An animation of how the Gale Crater on Mars may have looked more than 3 billion years ago.

"We went to Gale Crater to figure out if that environment ever had the conditions to support life," he said. "One of the necessities for habitability is water, and we already had some clues from the Mars Reconnaissance Orbiter images taken before landing that there was action of water within Gale Crater but we didn't know how much water was involved... and we didn't know how long it was there."

The researchers examined images taken by the Curiosity rover's onboard cameras and analyzed data from soil samples that were collected by the rover drilling in Gale Crater.

They noticed three different kinds of rocky sediment that provide evidence for the presence of flowing water, Vasavada said. The first kind of sediment was gravel that is often found in the bottom of stream beds. The second was sandstone and the third was a fine, silty rock that may have once been mud formed at the bottom of standing water.

Standing water must have been a part of the red planet's history and flowing water must have deposited sediments into the crater's lake 3.8 to 3.3 billion years ago, the researchers concluded. Those sediments form the bottom layers of a 3-mile-high mountain called Mount Sharp, which is now located in the crater.

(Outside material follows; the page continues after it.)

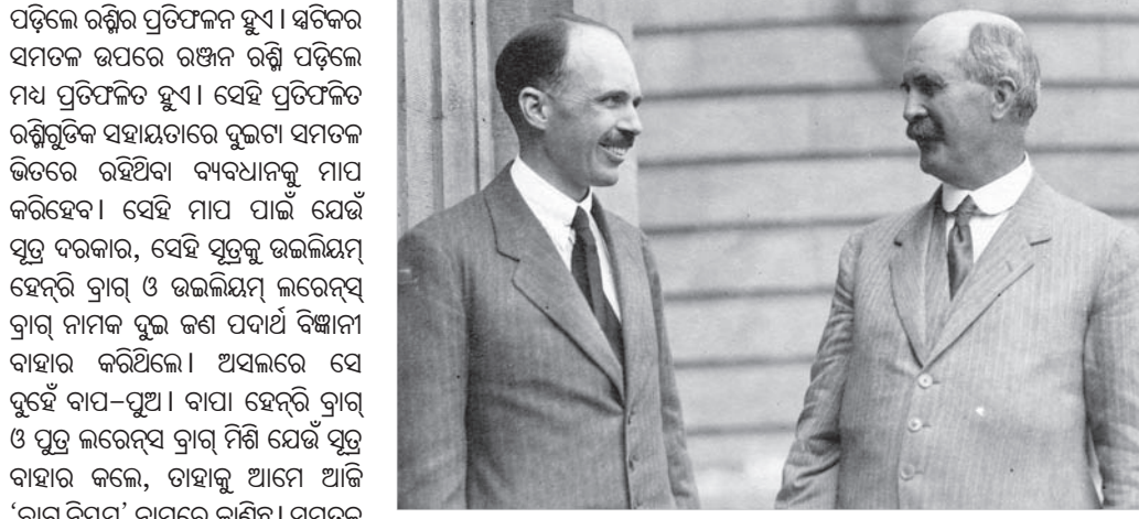
ଲରେନ୍ସ ବ୍ରାଗ୍ ହେନ୍‌ରି ବ୍ରାଗ୍

ସମସ୍ତେ ଜାଣନ୍ତି । ୧୯୦୧ ମସିହାରେ ଏହି ପୁରସ୍କାର ଦିଆଯାଇ ଆସୁଛି । ପଦାର୍ଥ ବିଜ୍ଞାନ, ରସାୟନ ବିଜ୍ଞାନ, ଚିକିତ୍ସାଶାସ୍ତ୍ର, ସାହିତ୍ୟ, ବିଶ୍ୱଶାନ୍ତି ପ୍ରତିଷ୍ଠା ଓ ଅର୍ଥନୀତି କ୍ଷେତ୍ରରେ ଉଲ୍ଲେଖନୀୟ ଅବଦାନ ନିମନ୍ତେ ପ୍ରତିବର୍ଷ ଏହି ପୁରସ୍କାର ପ୍ରଦାନ କରାଯାଇଥାଏ । ସାଧାରଣରେ ଯାହା ଲାଭ୍ୟକରୁ, ନୋବେଲ୍ ବିଜେତାଙ୍କର ବୟସ ୪୦-୫୦ ବର୍ଷରୁ କମ୍ ହୋଇ ନଥାଏ । କିନ୍ତୁ ଉଇଲିୟମ୍ ଲରେନ୍ସ ବ୍ରାଗ୍ ମାତ୍ର ୨୫ ବର୍ଷ ବୟସରେ ଏହି ପୁରସ୍କାର ପାଇବା ପାଇଁ ଯୋଗ୍ୟ ବିବେଚିତ ହୋଇଥିଲେ । ସେ ୧୮୯୦ ମସିହା ମାର୍ଚ୍ଚ ୩୧ ତାରିଖରେ ଅଷ୍ଟ୍ରେଲିଆରେ ଜନ୍ମଗ୍ରହଣ କରିଥିଲେ । ସେ ୧୯୦୮ ମସିହାରେ ବ୍ରାଜିଲ୍‌ସ୍ତରୀୟ କରିବା ପରେ ଇଂଲଣ୍ଡର କେମ୍ବ୍ରିଜ୍ ଟ୍ରିନିଟି କଲେଜରେ ଗଣିତରେ ନାମ ଲେଖାଇଥିଲେ । କାରଣ ମୋ : ୯୪୩୯୫୦୧୨୫୧

This image from the Curiosity rover shows a lakebed deposit, with river- and stream-related deposits nearby. The strata in the foreground dip toward the base of Mount Sharp, indicating the ancient depression that existed before the larger bulk of the mountain formed.
This image from the Curiosity rover shows a lakebed deposit, with river- and stream-related deposits nearby. The strata in the foreground dip toward the base of Mount Sharp, indicating the ancient depression that existed before the larger bulk of the mountain formed.
NASA/JPL-Caltech/MSSS

"Now that we have a great example of this rather wet depositional system from the rocks at the base of Mount Sharp in Gale crater, a major question going forward in the MSL mission -- and further up the mountain -- is to document how the planet went from this warmer and wetter place to one with vanishingly little water," Dr. Woody Fischer, professor of geobiology at the California Institute of Technology in Pasadena and a co-author of the paper, told HuffPost in an email.

"There are still several kilometers of rock to observe in Mount Sharp and figure out what happened to Mars' water," he added. "The causes behind this drying still remain a mystery."

Dr. Marjorie Chan, a University of Utah geology professor who has studied sedimentary processes on Earth and was not involved in the new paper, said this research can be built upon to enhance our current knowledge of the red planet's geological and hydrological record.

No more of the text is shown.